The child was to be a boy, no doubt about that--though she cherished her whole family, it was the son that stood out. She's already seen him: a vision, a positive, creative vision. Will he be a senator, like his father Gordian, a consul, the emperor? Will he be pope? A saint? There is no limit to the imagination of a mother.

Now all this took place in Rome in AD 540. Vigilius was pope and Vetegis was emperor--but who knows anything about them? It was a world still in transition. On one side were the invasions, on the other were the heresies. The child did brilliantly in his studies. He received a fine Latin education that would serve to rule men and defend dogmas. Already she saw him wearing the tri-colored toga of a Roman praetor.

But of what importance is the toga of man when compared with the robe of God? Suddenly Gregory divested himself of all his responsibilities and wealth and became a monk. The six villas that he owned in Sicily he turned into six monasteries. He was 35. And Sylvia felt in her body that the whole delicate structure of history was trembling.

There was a plague and the pope died. Sylvia decided that the next pope was to be Gregory. In vain did he refuse, escape from Rome in a wicker basket, hide in the forests and Pontine marshes. In the end of course he was found--or betrayed--and with great rejoicing brought back to the fold, where on Sept. 3, 590, he was consecrated pope. Gregory was pope, and Sylvia had been his prophet. "I have lost all the pleasures of peace," he murmured.

It was to be an heroic pontificate. The Lombards, who were devastating Italy, had to be checked. The emperor in Constantinople had to be confronted. Gregory wrote several works (particularly the Morals), reformed the Church, brought the Arian Visigoths back to the true faith, and evangelized England.

It was he who invented the phrase: Servant of the servants of God. His most characteristic victory was to stamp out the heresy of Eutyches, the patriarch of Constantinople, who maintained that the resurrection of the body would take place in a subtle form, in an ethereal flesh. Gregory replied that we will be resurrected in flesh and blood, as literally palpable as was the body of Christ to Saint Thomas.

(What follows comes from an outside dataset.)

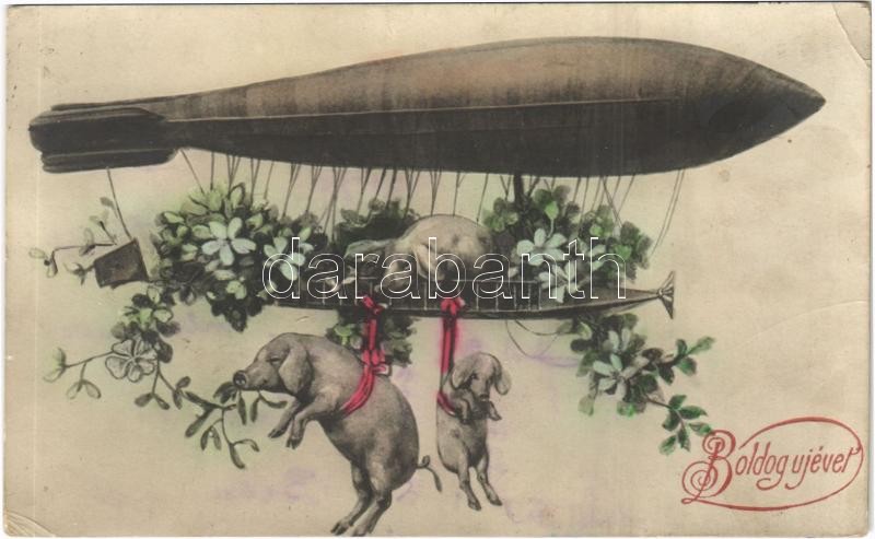 Boldog újévet! Léghajó malacokkal / New Year greeting, airship with pi...

"I shall be clothed again with my flesh," says the Book of Job, and at the Last Supper Jesus said: "This is my Body." One of the most moving aspects of the Catholic faith is the dominion of the body, semi-incorruptible and eternal.

By the time Gregory became pope, Sylvia had already entered a convent and her husband had become a priest--simultaneously, like twins. It was a time when Christianity was flourishing and it was the fashionable thing to do. But Sylvia's role had been consummated. The mother blended, merged, and rejoiced with the son (from the Encyclopedia).

Over her former house on the Coelian Hill in Rome a chapel was built in her honor (Benedictines).